Préstamos con garantía hipotecaria


Ante los numerosos requisitos que se necesitan para acceder a un préstamo, muchas veces nos vemos agobiados. No podemos cumplir con todos y en ocasiones nos vemos ante una situación desfavorable por no poder demostrar una nómina constante o un trabajo fijo que nos permita acceder a un crédito. Las necesidades no dan espera y algunas urgencias deben resolverse de inmediato para que no destruyan por completo nuestra vida. En muchas ocasiones son pocas o casi ninguna las opciones que nos quedan en el mercado.

Préstamos con garantía hipotecaria

En este caso, los préstamos con garantía hipotecaria son justamente esa salvación, esa luz al final del túnel que ofrecen una ayuda a aquel que lo necesita, simplemente con el soporte de la propiedad de la vivienda. No hace falta suministrar ningún otro documento, puesto que es la vivienda misma la que avala la solicitud del préstamo.

Es preciso, claramente, que la propiedad que establezcas como garantía para el préstamo hipotecario se encuentre a tu nombre, puesto que no funcionará si tu soporte es la vivienda de tus familiares o vecinos. En tal caso la solicitud será denegada de inmediato. Cuando hablamos de una vivienda como aval para el préstamo estamos refiriéndonos de forma genérica a un piso, un apartamento, un local etc.

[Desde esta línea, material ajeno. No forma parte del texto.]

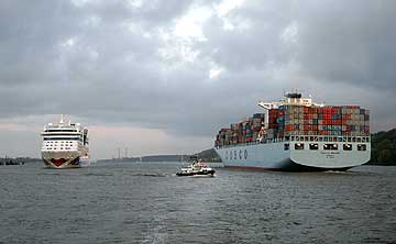 Der Containerfrachter COSCO BEIJING läuft Richting Shanghai aus und begrüßt die AIDAdiva mit dem Schiffshorn. Das Lotsenboot nimmt Kurs auf den Containerriesen.

Una de las ventajas de los préstamos con garantía hipotecaria es que no se consideran como préstamos rápidos. Esto es algo muy favorable, puesto que el pago puede realizarse en plazos mayores, tras haberlo solicitado y la tasación de intereses se realizará con esta base. Por su parte los intereses de los préstamos rápidos usualmente corren por cada día que el dinero esté en tus manos. En ese sentido no debes preocuparte porque la deuda contraída implique perder tu vivienda, puesto que tendrás muchos años para poderte hacer cargo de ella. Aunque sí que debes siempre pagar de manera responsable las cuotas establecidas para evitar cualquier tipo de inconveniente. Debido a la sistematización y automatización de los programas, la respuesta a tu solicitud será extremadamente rápida. Este préstamo puede llevarse a cabo en aproximadamente 24 horas, tras las cuales contarás ya con una respuesta clara y la posibilidad de continuar con los trámites necesarios.

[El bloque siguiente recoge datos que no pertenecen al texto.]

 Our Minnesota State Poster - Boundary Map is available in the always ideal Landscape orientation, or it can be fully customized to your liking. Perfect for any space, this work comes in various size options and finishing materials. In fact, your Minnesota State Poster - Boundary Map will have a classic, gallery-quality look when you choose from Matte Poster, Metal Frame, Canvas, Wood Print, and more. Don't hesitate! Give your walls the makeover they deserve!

Una ventaja adicional es que cualquier tipo de usuario que cumpla con las condiciones básicas será aceptado y no importa si ha sido reportado anteriormente ante alguna de las entidades de verificación de situación crediticia. Lo anterior se debe a que no es tu disciplina de pago pasada la que te avala sino la propiedad de tu vivienda, por lo cual es la opción preferida de muchas personas que por una u otra razón han terminado reportados en las listas del ASNEF.

Recuerda que el valor máximo que puedes solicitar en un préstamo de crédito hipotecario es calculado según el valor máximo de la vivienda. Es por esa razón que no podrás tener una cifra concreta sino una vez se lleve a cabo una tasación específica de tu propiedad. Debes tener en cuenta que como estos préstamos se realizan a plazos largos, es posible que el valor de tu vivienda aumente o disminuya considerablemente durante este periodo, por lo que puede que en algún punto del contrato mencione algo sobre cuotas variables. Aunque tengas mayores plazos para pagar es importante que no caigas en un estado de impago prolongado teniendo en cuenta que podrías terminar pagando intereses mayores o incluso perdiendo el inmueble que estableces como garantía. Te recomendamos leer con atención el contrato del préstamo de garantía hipotecaria para que estés enterado de cada detalle con respecto al acuerdo entre la entidad prestamista y el cliente.